Friday, December 3, 2010
I Feel Your Pain. Sort of.
Recently Helen's had some restless nights caused by frequent trips to the bathroom and contractions so strong they keep her awake. Norby's not here yet, but already Helen's getting up every couple of hours because of the baby (good practice for the near future!)
Compounding matters is the fact that I sleep deeply for a long time, oblivious to the rest of the world - when Helen's gotten up, I've stayed down (unconscious) in bed. She had been nice enough to let me sleep during these episodes. Until yesterday, when she got a little upset...
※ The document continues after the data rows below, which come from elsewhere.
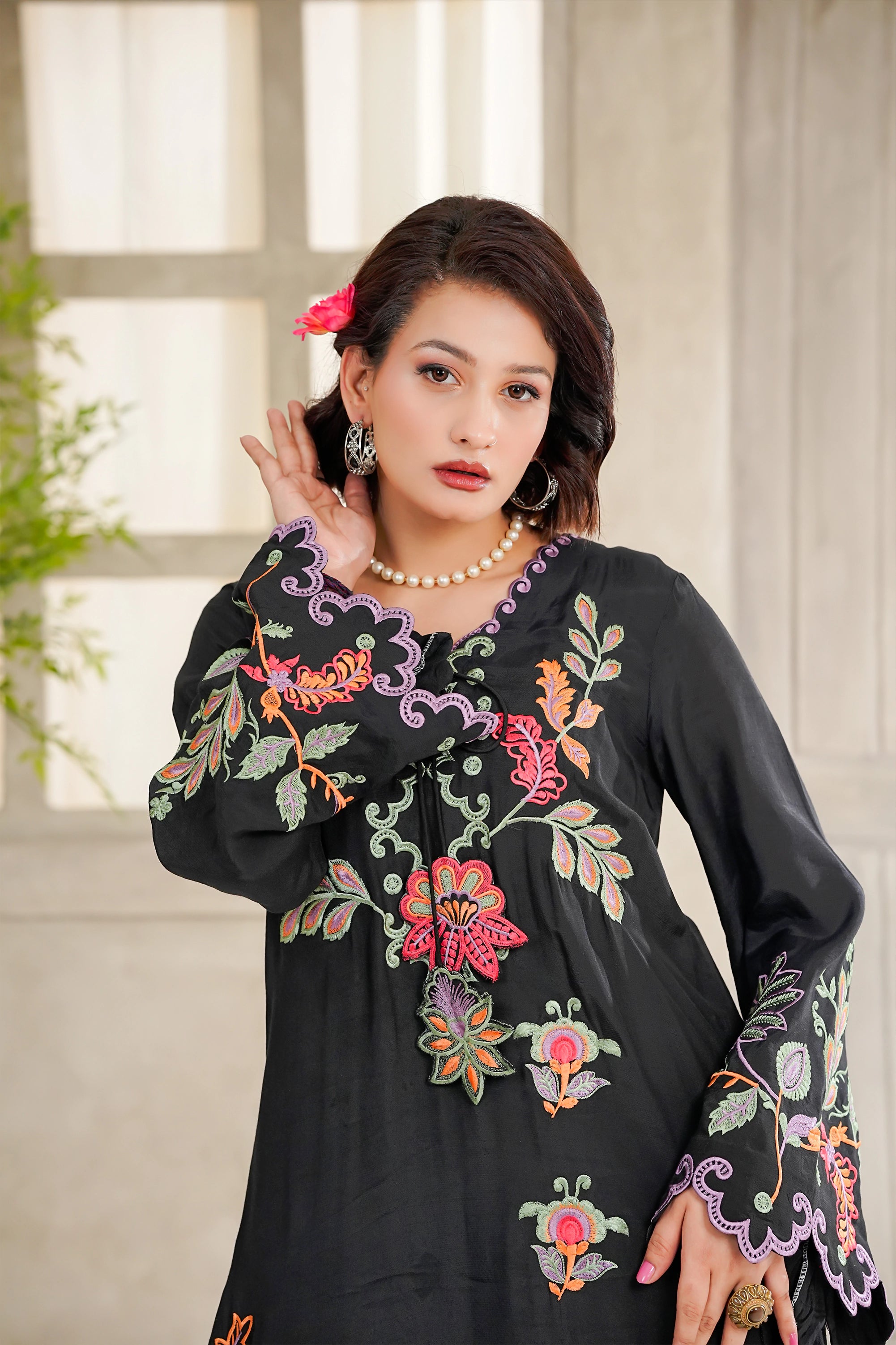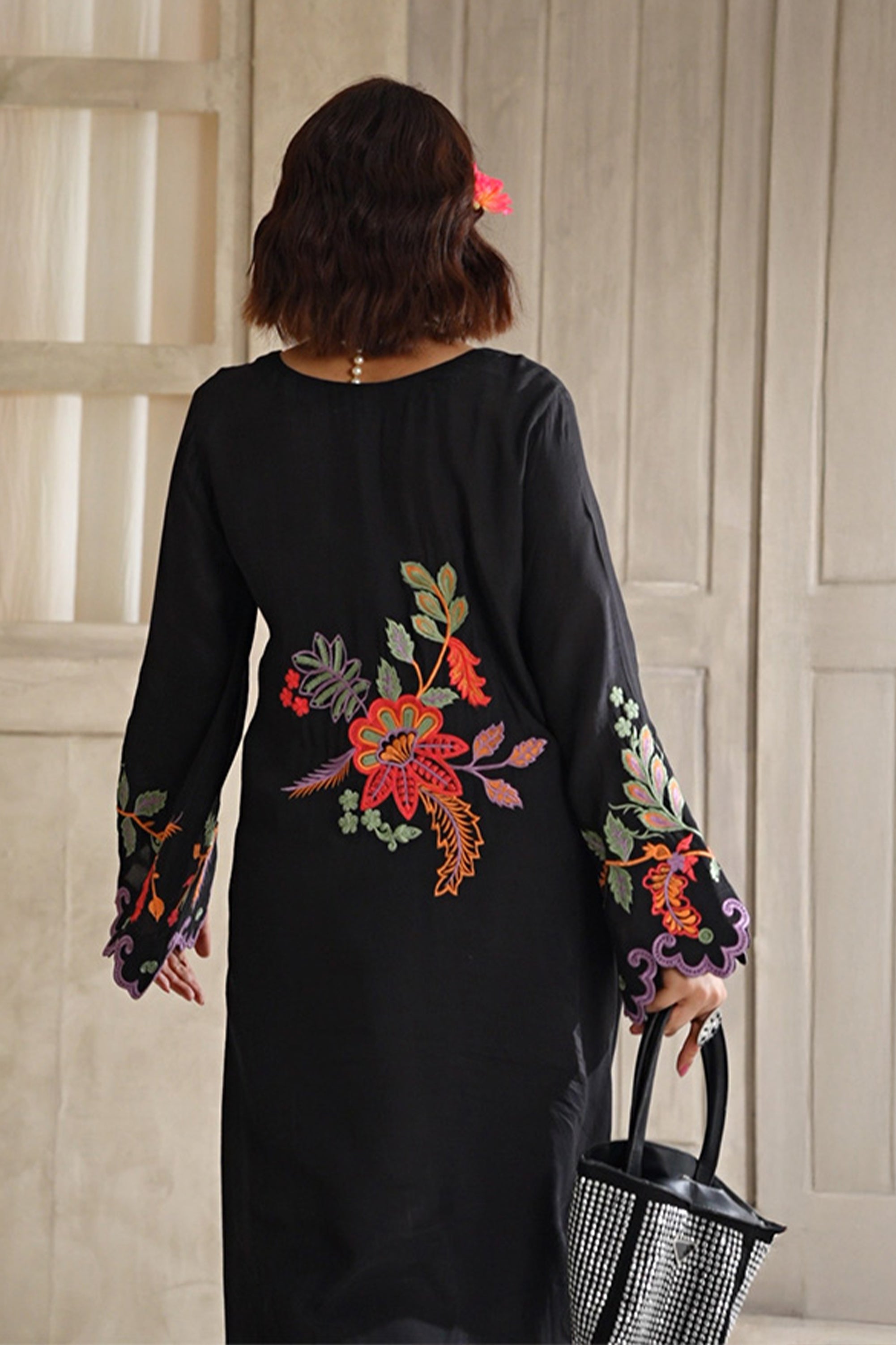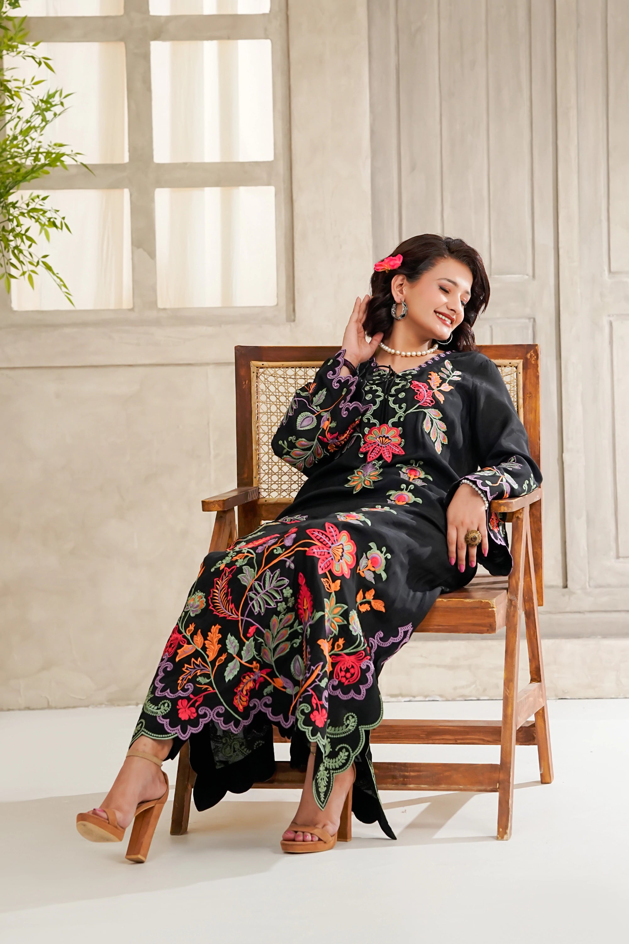 Step into vibrant elegance with this dramatic two-piece set. A flowing black shirt serves as the canvas for a rich tapestry of multicolored floral and botanical embroidery. Hues of fiery red, magenta, orange, and lime green cascade down the silhouette, complemented by an embroidered back and a chic scalloped hem. The matching solid black trousers complete this vivid and festive look.
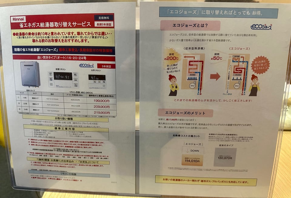 「リンナイ 省エネガス給湯器“エコジョーズ”取り替えサービス」
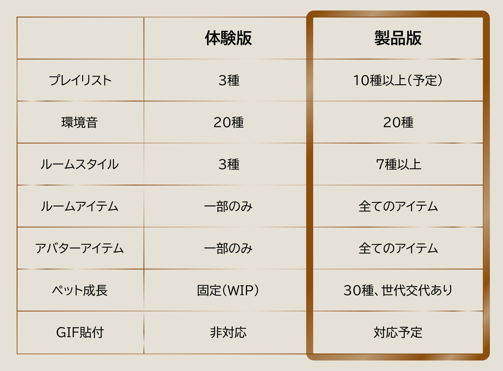 体験版では、開発中の各機能を実際に触っていただくことが可能です。特に、ルーム編集やアバター編集、撮影、タイマーや音楽プレイヤーなどの集中ツールをご利用いただけます。一人でも多くの方に体験版をプレイしていただき、プレイヤーの皆様のご意見・ご要望を今後の開発に反映していきたいと考えております。
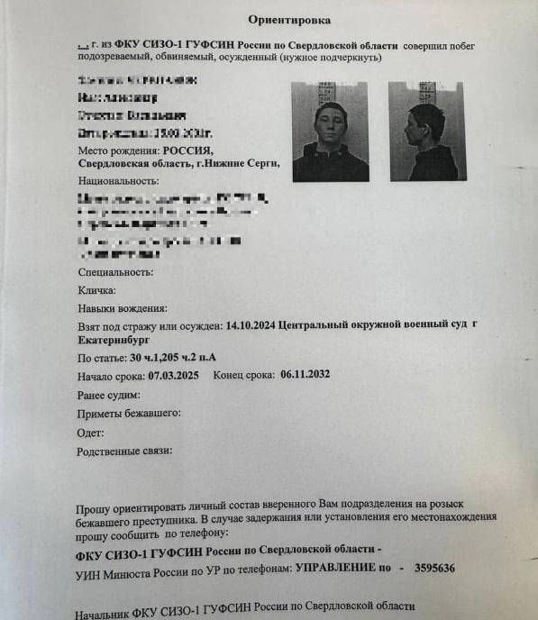 В Екатеринбурге из СИЗО №1 сбежали двое заключённых, ранее осуждённых за поджоги военкоматов
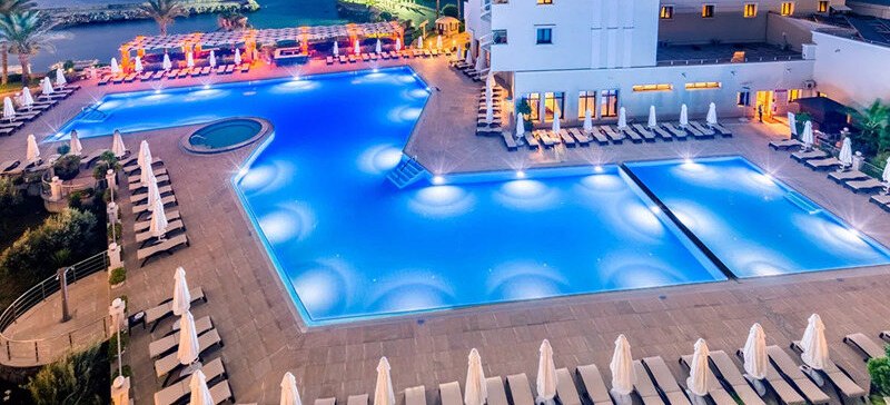 Im Vuni Palace Hotel & Casino wohnt Ihr direkt am privaten Sand- und Kiesstrand von Kyrenia (Girne). Das Haus verteilt 258 Zimmer auf mehrere Gebäude – darunter Haupthaus, Loveboat, Hilltop und Springtop – und verbindet Badeferien mit städtischer Nähe. Casino, Shows und Live-Musik setzen abends Akzente, tagsüber lockt der Strand.
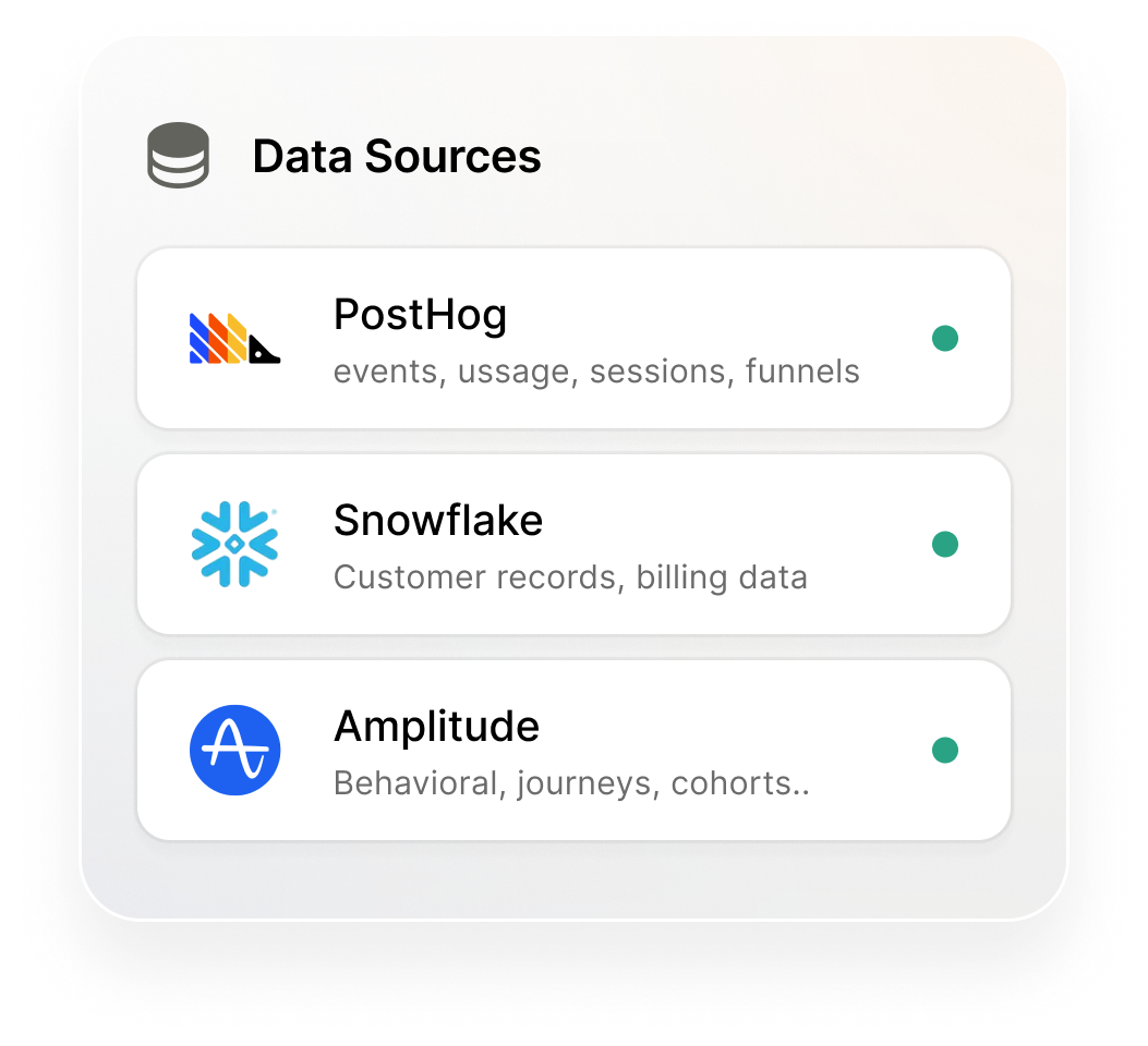 Swish connects to tools like PostHog, Mixpanel, or Snowflake to understand how users interact with your product.It reads every event - clicks, sessions, upgrades, drop-offs -and transforms them into structured insights ready for action.
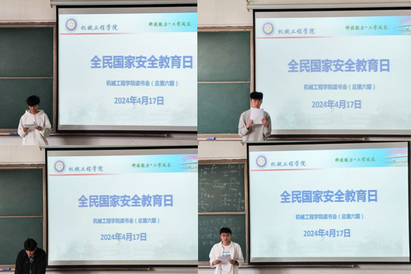 为进一步增强学生国家安全意识,用实际行动维护国家安全。4月18日下午,机械工程学院在求知楼A202教室举办了以“国家安全”为主题(总第6期)读书会。学院2021、2022、2023级各班安全委员参加此次读书会,辅导员朱香银老师主持指导此次读书会。
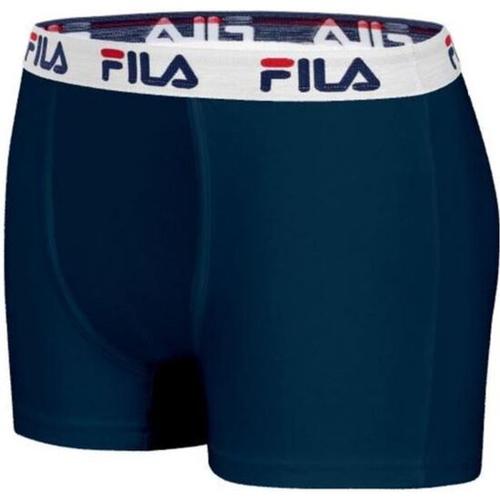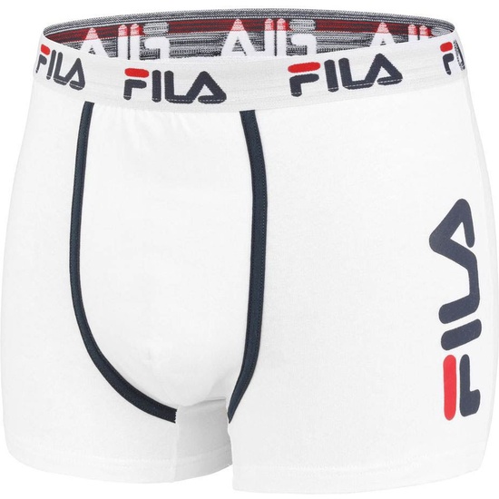 Conjunto de 4 cuecas boxer da marca Fila Em várias cores: branco e azul marinho. Com fita colorida com logo.
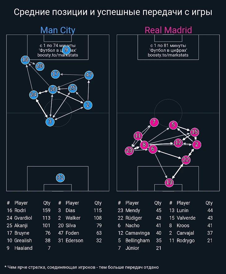 Карта усреднённых позиций показывает тотальность доминирования сити. «Реал» припарковал самый настоящий автобус. По-другому это сложно назвать – 57% от всех своих действий команда Анчелотти совершила в оборонительной трети. У «Сити» – 48% в атакующей.
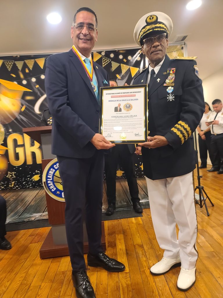 Uno de los momentos más emotivos del acto fue la entrega de la prestigiosa “Medalla de la Cruz & la Balanza” al Concejal Luis Vélez, en reconocimiento a su liderazgo y compromiso con la justicia social y el servicio comunitario.
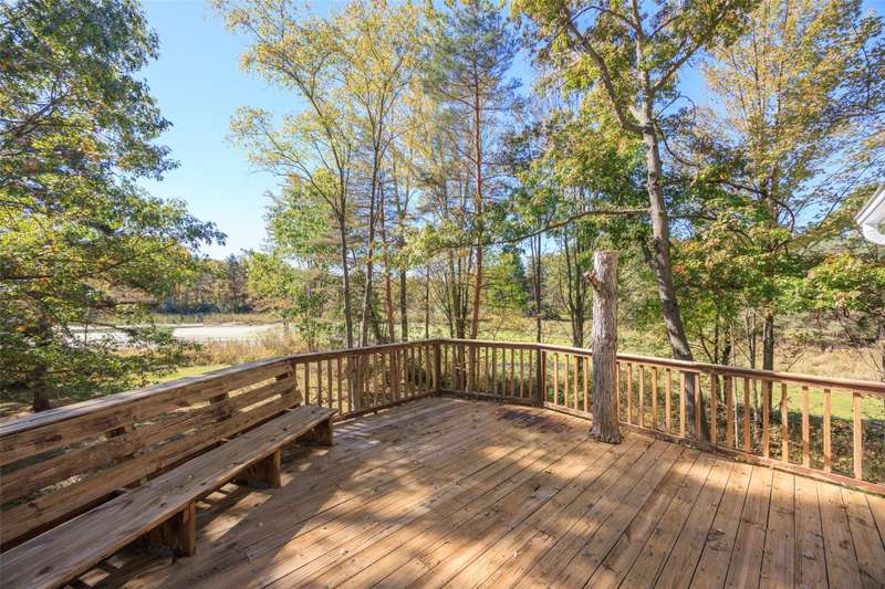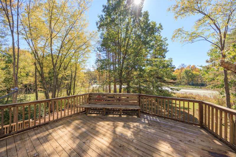 Welcome to this charming farmhouse nestled on an extraordinary peninsula lot, completely surrounded by serene water views and mature trees. This private, nature-filled retreat offers the perfect blend of seclusion and convenience—just a short drive to downtown Howell and all nearby amenities. Step inside to discover spacious living spaces with walkout access to incredible deck spaces on both floors. Whether you're enjoying your morning coffee or entertaining guests, the upper and lower decks offer breathtaking panoramic views of the peaceful pond and vibrant woodlands. Nature lovers will be captivated by the scenery from every angle—watch the seasons change right from your own backyard! The home’s unique layout provides flexibility and comfort, while the expansive outdoor areas invite endless opportunities for relaxation, play, and wildlife watching.
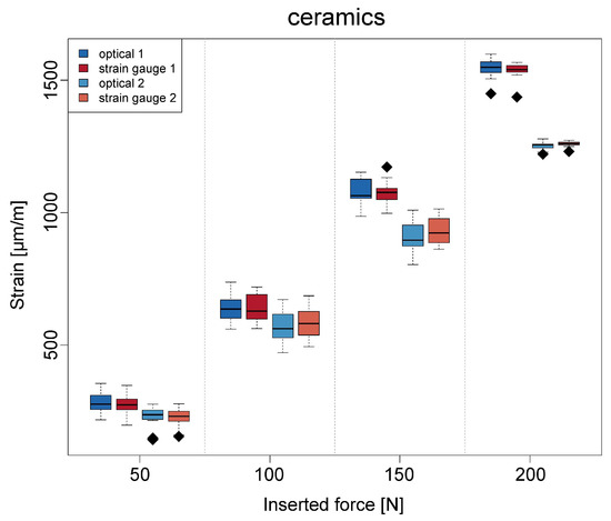 The measured value distributions are presented in the form of box plots for both strain gauges 1 and 2 for ceramic in Figure 4, for non-precious metal in Figure 5, and for PEEK bridges in Figure 6, respectively.
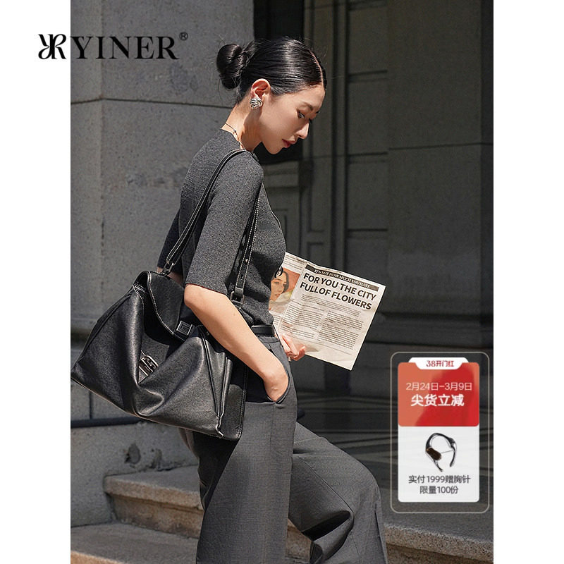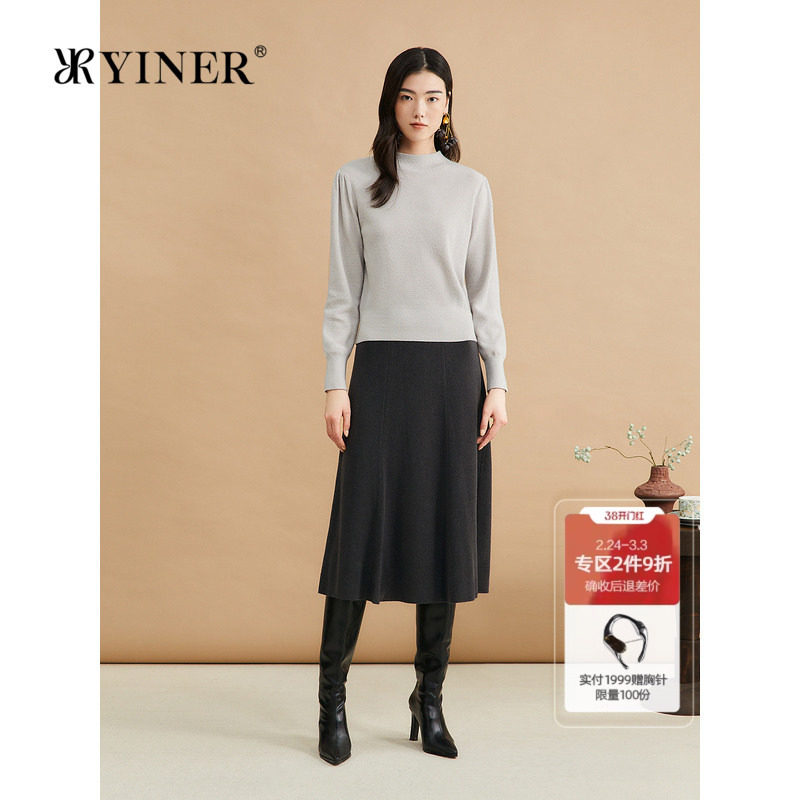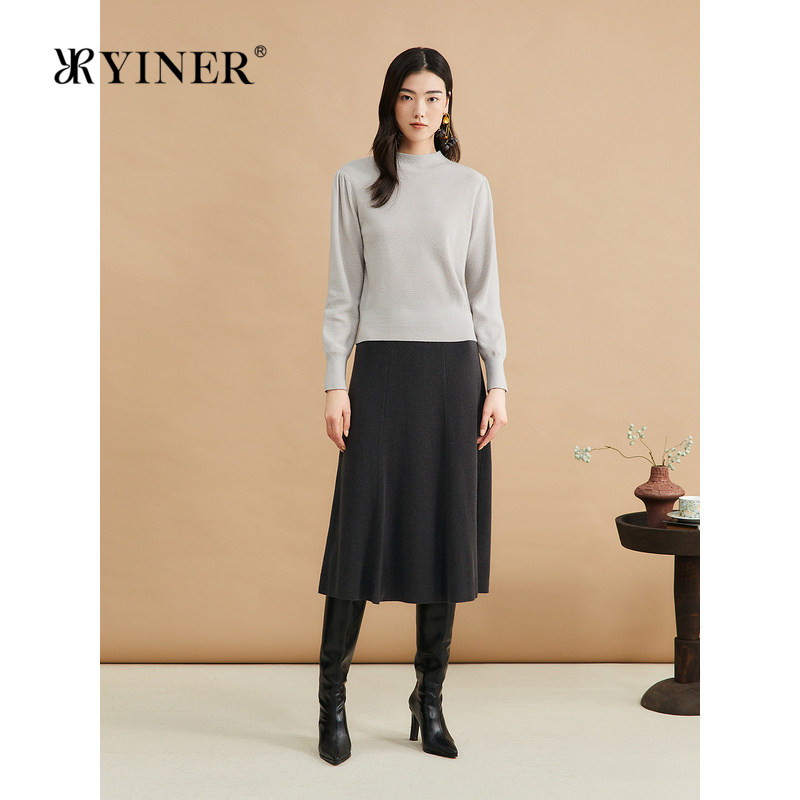 YINER音儿2025秋季新款法式智性灰美丽诺羊毛混纺亮丝针织衫套头

Overcome by sheer exhaustion and frustration that the baby hasn't come yet, and seeing I was the only person around to yell at, she zeroed in and let me have it saying she was worried my uninterrupted sleep habits were a harbinger of things to come once Norby was here (her feeding/changing all hours of the night, me sleeping.) My counterpoint was that I was sleeping a lot now because I knew I wouldn't be sleeping much later, but that didn't seem to make her feel any better.
So to prove I could stay awake and be supportive, I practiced last night by downing some caffeinated soda and going to bed later than normal. Then this morning, I got up extra early. I'm not sure how exactly this represents me 'supporting' my wife, other than reinforcing the idea that misery loving company. Logical? Not exactly. But I get the sense that emotion > logic in the days before the baby comes.
Parents, I assume you've had this 'discussion' as well. Let's hear your stories.